When the shopping cart was first introduced to stores in 1937, customers refused to use them.
Men avoided them so as not to appear weak. Women thought they were unfashionable. Older customers thought they would seem helpless. The idea appeared dead in the water.
But Sylvan Goldman, the inventor of the shopping cart and owner of a large grocery store, refused to give up.
He solved the problem by hiring models of all ages and genders to pretend to shop while using the carts. He hired a friendly greeter who would offer carts to people and point out that “everyone was using them.” Soon the carts became a normal part of going to his stores. And later a normal part of shopping throughout the US and then the world.

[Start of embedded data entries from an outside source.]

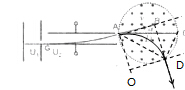 1、选择题 如图所示,一电荷量为q,质量为m的带正电粒子,经过水平方向的加速电场U,沿水平方向进入竖直方向的偏转电场U2,已知粒子从偏转电场下极板最左端的G点进入,恰从上极板最右端A点离开偏转电场,立即垂直射入一圆形区域的均强磁场内,AC是圆形磁场区域的一条沿水平方向的直径。粒子速度方向与AC成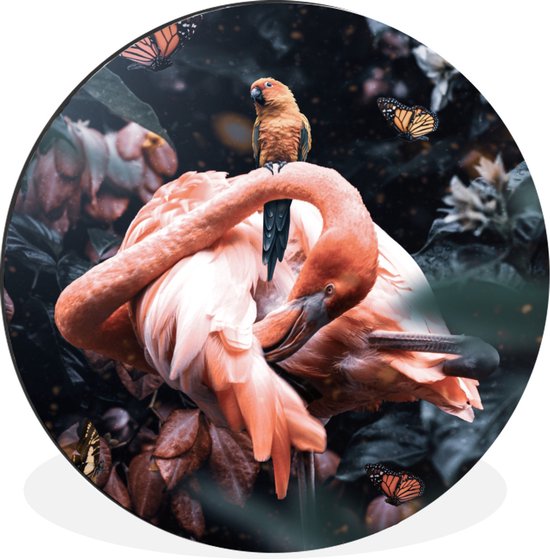 WallCircle - Cercle mural - Cercle mural - Plantes - Flamingo - Jungle - Aluminium - Dibond - ⌀ 90 cm - Intérieur et Extérieur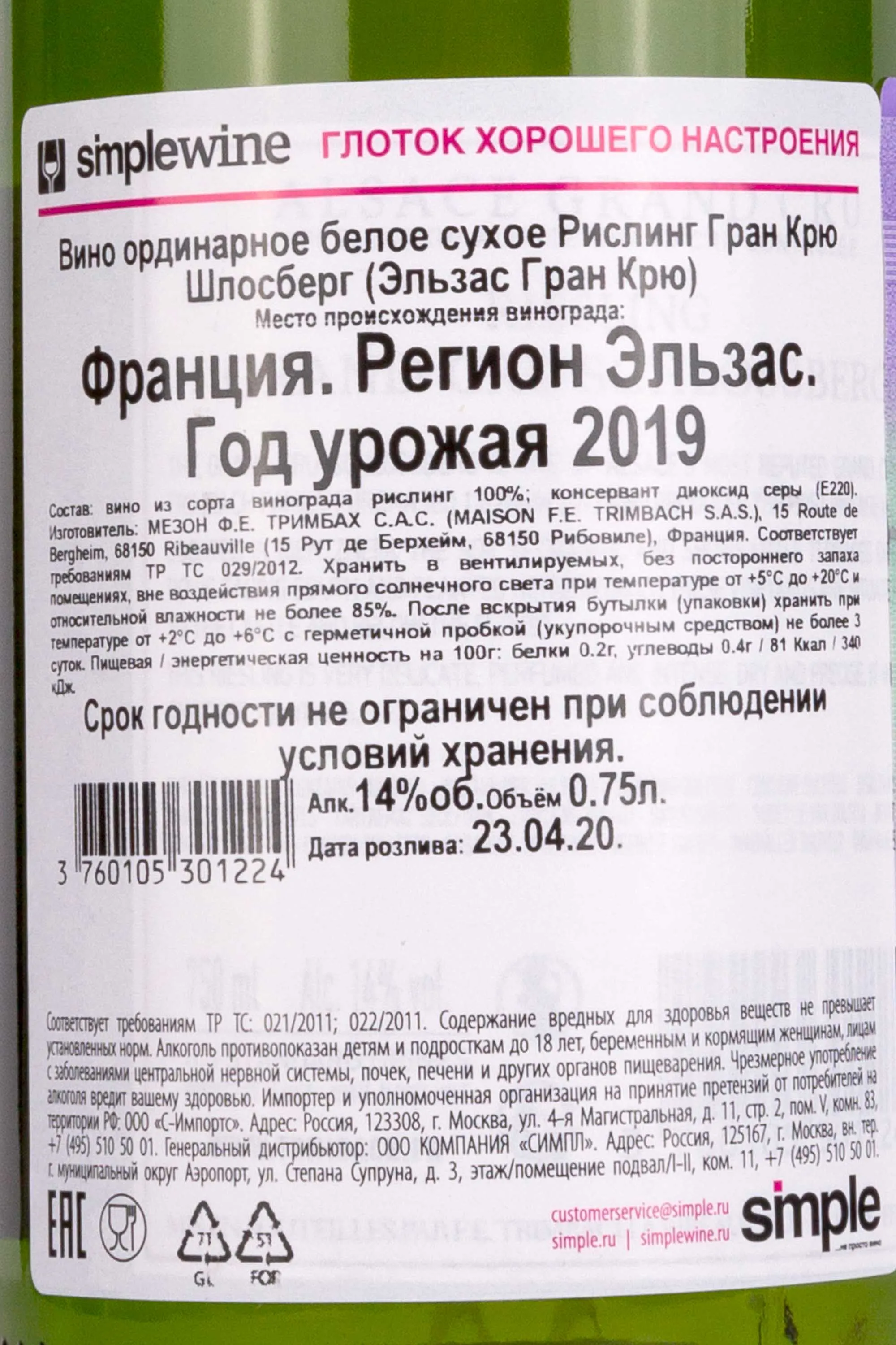 Тримбах Рислинг Гран Крю Шлосберг 2019 0.75

Customers had a knee-jerk reaction to the shopping cart when it was first presented to them. We can have similar knee-jerk emotional reactions in some situations as a result of feelings such as anger conditioned to a trigger. We react with emotion before we can even think about what’s happening.
What causes anger to be a knee-jerk reaction in some situations? And how do we change it?
First, we’ll consider how we get a near-instant feeling of anger in response to some events. This happens because we’ve experienced anger in the same kind of situation over and over so that the mind connects the two together. So for example, if when you were growing up you felt anger when your parents would demand you do what they say, you might feel anger today when someone tells you what to do. After that happened enough times, the mind connected anger to being told what to do.
But why did you feel anger in the first place?
In many cases, anger comes from the meaning we gave the events. We may have interpreted these events to mean we were powerless and this meaning can produce anger. If in the example above, the parent gave the child choices, instead of making demands, the child would not have felt powerless. And as a result, the child wouldn’t feel anger either. This insight that emotions come from meaning turns out to be essential in neutralizing the trigger for anger.
To neutralize a trigger for anger, we go through the following steps of the Lefkoe Stimulus Process
First, we make sure we have a clear idea of the trigger. It might be that the person feels anger when someone doesn’t listen to them.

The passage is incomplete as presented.